# Missing thumb JATC Apprenticeship



## fistofbolts (Jan 25, 2014)

go for it.


----------



## Michigan Master (Feb 25, 2013)

I once knew a machine repairman that was missing his right thumb and he did everything required of him without any difficulties.


----------



## Loose Neutral (Jun 3, 2009)

I know a jw without a thumb.


----------



## eejack (Jul 14, 2012)

I would apply. I know a few disabled construction workers - missing all kinds of bits and pieces.


----------



## Rollie73 (Sep 19, 2010)

Tell him to go for it. 

Just don't expect two thumbs up when the job goes well:laughing::laughing:


----------



## Loose Neutral (Jun 3, 2009)

Rollie73 said:


> Tell him to go for it.
> 
> Just don't expect two thumbs up when the job goes well:laughing::laughing:


I had an ol guy that would say three thumbs up. He'd use his hands with thumbs up then kinda stick out his willy.:thumbup::thumbsup:


----------



## Rollie73 (Sep 19, 2010)

Loose Neutral said:


> I had an ol guy that would say three thumbs up. He'd use his hands with thumbs up then kinda stick out his willy.:thumbup::thumbsup:


Wow........it was really as big as a thumb huh?? Lucky dude.:thumbsup:


----------



## brian john (Mar 11, 2007)

Loose Neutral said:


> I had an ol guy that would say three thumbs up. He'd use his hands with thumbs up then kinda stick out his willy.:thumbup::thumbsup:


I worked with a guy that had 3 thumbs.


----------



## RIVETER (Sep 26, 2009)

bacon said:


> Hey everybody, I had a guy who wants to get into the apprenticeship but was born with only one thumb asking me how to get in. Do you think he should apply and go for it anyways or would they more even consider it. He's very capable of functioning normally and wouldn't really even consider out a disability but I don't know how that would go working with your hands all day every day.

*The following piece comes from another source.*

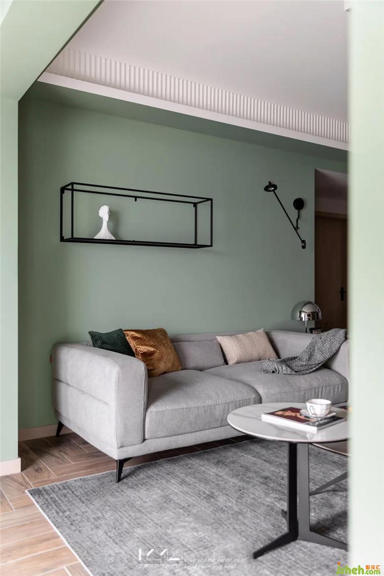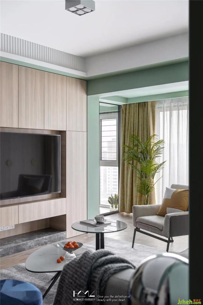 沙發(fā)背景與電視背景,乳膠漆與木飾面大塊面色彩
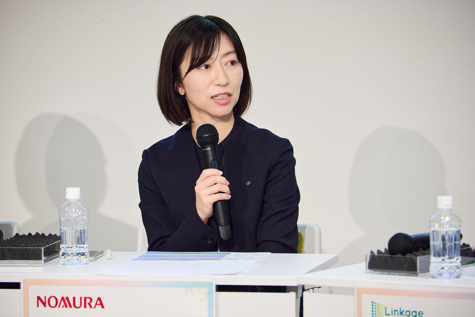 その後、登壇企業各社の具体的な取り組みが紹介されました。野村證券の河野さんからは、女性社員の健康支援の一環として導入した低用量ピルの服薬支援制度について説明がありました。この制度は、45歳以下の女性社員を対象に、オンライン診療を通じて低用量ピルを処方し、会社が全額費用を負担するというもの。河野さんは「導入後、予想を超える申し込みがあり、多くの社員から『会社がここまでサポートしてくれるとは思わなかった』という感謝の声が寄せられ、やってよかったと感じています」と語りました。また同社では、2025年4月から生理休暇の名称を「F休暇」(FemaleのF)に変更し、PMSの症状にも適用を拡大する予定とのことです。

If only ONE thumb is asking how he can get in his hand may not be serious.


----------



## Norcal (Mar 22, 2007)

Watch this then ponder the OP's question.

http://www.wimp.com/stoolshandmade/


Go for it!


----------



## erics37 (May 7, 2009)

I say go for it. And he'll definitely need one of these:


----------



## HARRY304E (Sep 15, 2010)

bacon said:


> Hey everybody, I had a guy who wants to get into the apprenticeship but was born with only one thumb asking me how to get in. Do you think he should apply and go for it anyways or would they more even consider it. He's very capable of functioning normally and wouldn't really even consider out a disability but I don't know how that would go working with your hands all day every day.


Welcome to the forum.

He's fine,he will overcome not having a thumb and be a good worker.:thumbsup:


----------



## wendon (Sep 27, 2010)

When he runs out of work and has to travel, how's he gonna hold his tools with his good hand and hitchhike with the other?


----------



## HARRY304E (Sep 15, 2010)

wendon said:


> When he runs out of work and has to travel, how's he gonna hold his tools with his good hand and hitchhike with the other?


He'll hold up his middle finger...










:laughing::laughing:


----------



## 99cents (Aug 20, 2012)

Def Leppard had a one armed drummer.


----------



## MDShunk (Jan 7, 2007)

I don't have my right thumb, and some people think I do okay at electrical work. :thumbsup:


----------



## chicken steve (Mar 22, 2011)

Less a digit pales by comparison to lack of grey matter ......~CS~


----------



## ibuzzard (Dec 28, 2008)

I've an acquaintance, who has been an excellent, hard-working JW, Foreman, and GF. He was born with only three fingers on his right hand.

People find ways of compensating, he'll likely have very few problems adapting.


----------



## brian john (Mar 11, 2007)

chicken steve said:


> Less a digit pales by comparison to lack of grey matter ......~CS~


I have made it SOFAR with minimal grey matter.


----------



## chicken steve (Mar 22, 2011)

brian john said:


> I have made it SOFAR with minimal grey matter.


Well it's more we made it THIS FAR before it shrank Brian.....

~CS~


----------



## Big John (May 23, 2010)

We've got a guy missing a forefinger. Not as critical as a thumb, but he still gets by fine. It is funnier than hell when he tries to flip people the bird. _"What finger is that? I saw a finger, but it wasn't the middle one. Quick, someone tell me whether I should be offended."_


----------



## Wirenuting (Sep 12, 2010)

brian john said:


> I have made it SOFAR with minimal grey matter.


My brain is so full that I have to forget stuff to make room for new info. 

Not having a thumb is a nonissue.


----------



## bacon (Dec 11, 2013)

Thanks everyone I'll let him know.


----------



## Awg-Dawg (Jan 23, 2007)

Wirenuting said:


> Not having a thumb is a nonissue.


Unless you are playing Grand Theft Auto.


----------



## ampman (Apr 2, 2009)

I once yelled at a helper for taking to long hanging bath fans he says I don't have any thumbs , when I looked at his hands sure enough no thumbs never said anything else to him. Story #2 I stayed at a hotel in brooksville near Tampa and the Indian behind the counter had two thumbs on each hand


----------



## dawgs (Dec 1, 2007)

bacon said:


> Hey everybody, I had a guy who wants to get into the apprenticeship but was born with only one thumb asking me how to get in. Do you think he should apply and go for it anyways or would they more even consider it. He's very capable of functioning normally and wouldn't really even consider out a disability but I don't know how that would go working with your hands all day every day.


There's an electrician on this forum with only 1 nut and he does ok. Hack, Hack... Sorry I had a cough.


----------



## erics37 (May 7, 2009)

99cents said:


> Def Leppard had a one armed drummer.


My favorite music joke:

What has nine arms and sucks?

Def Leppard.


----------